■ Information shown:
--- START ---

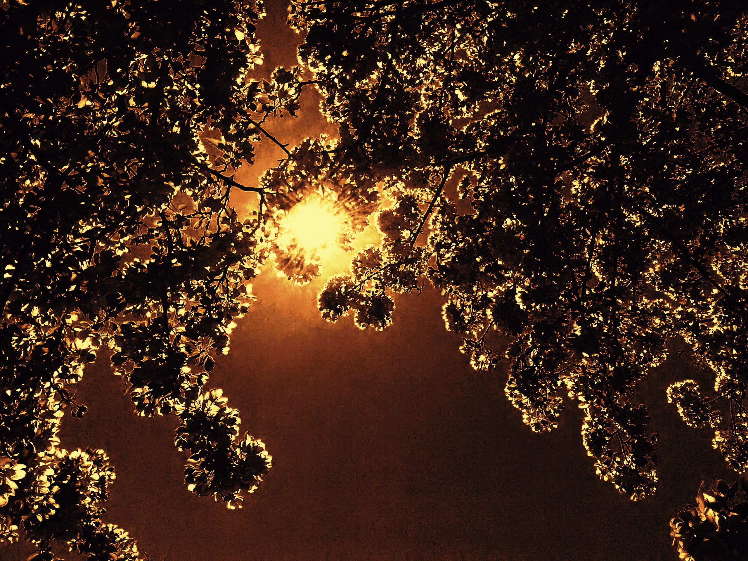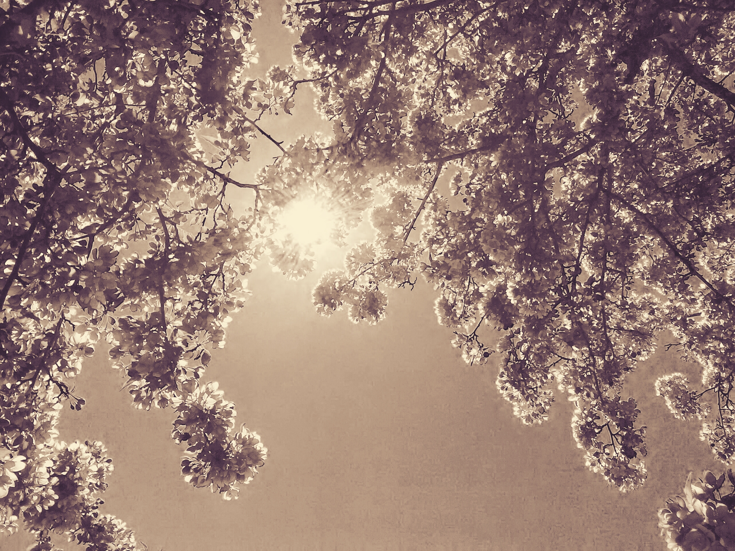 In response to K’lee and Dale’s Cosmic Photo Challenge prompt this week, which was shadows and silhouettes, I decided to use a picture I took in May. I was standing under a cherry tree and for some reason or another, took a picture of the sun through the branches.
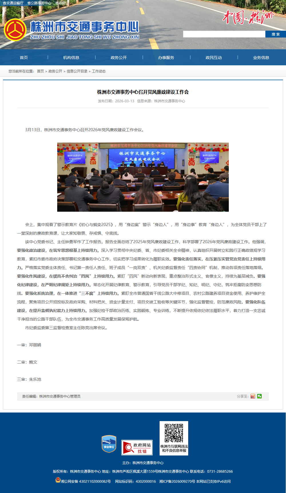 3月13日,株洲市交通事务中心召开2026年党风廉政建设工作会议。
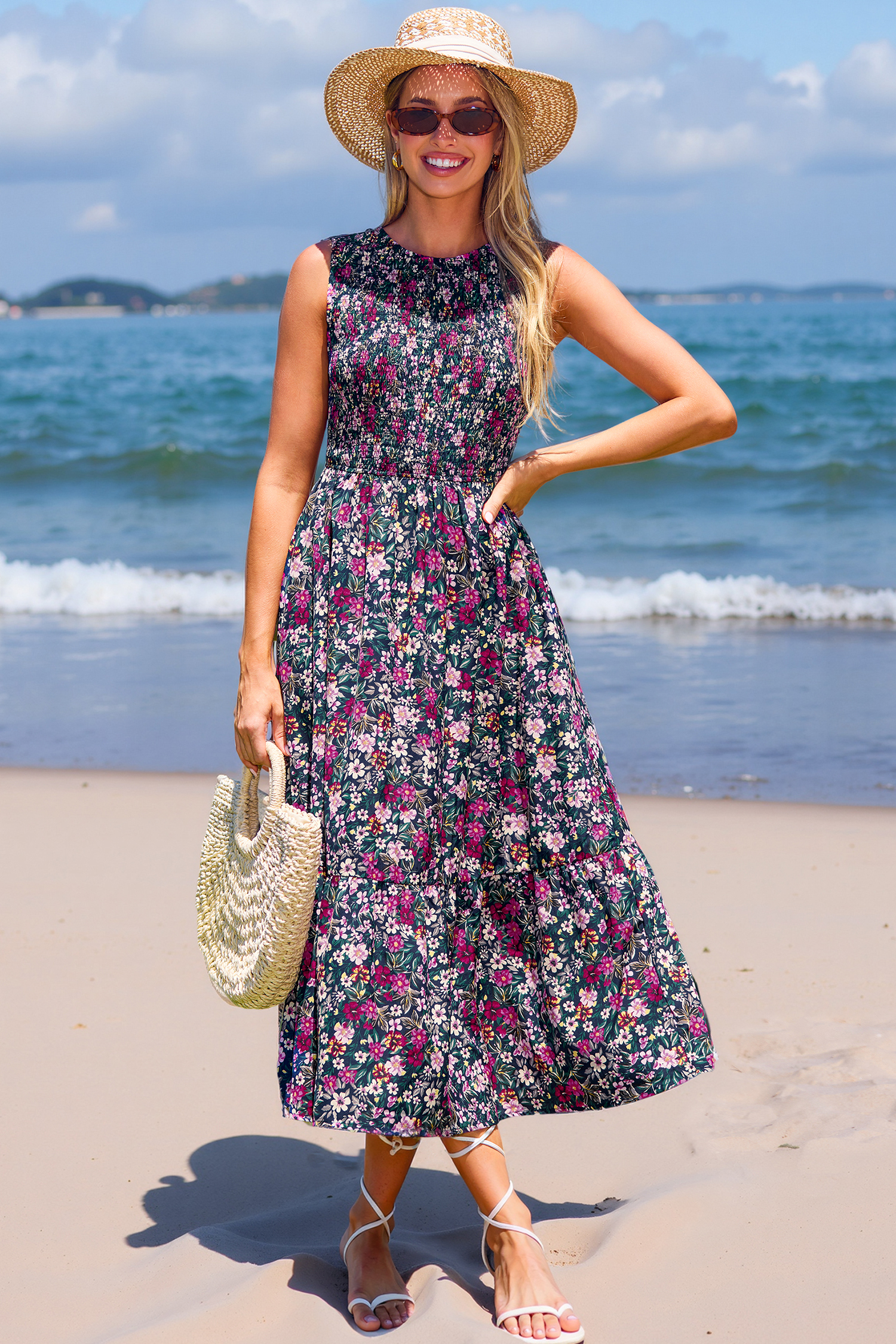 InicioVestido midi sin mangas con escote fruncido y estampado floral oscuro

--- END ---

■ Brief:
When you repeat the material above, keep every word exact and leave out the pictures.

■ Response to the task:
 In response to K’lee and Dale’s Cosmic Photo Challenge prompt this week, which was shadows and silhouettes, I decided to use a picture I took in May. I was standing under a cherry tree and for some reason or another, took a picture of the sun through the branches.
 3月13日,株洲市交通事务中心召开2026年党风廉政建设工作会议。
 InicioVestido midi sin mangas con escote fruncido y estampado floral oscuro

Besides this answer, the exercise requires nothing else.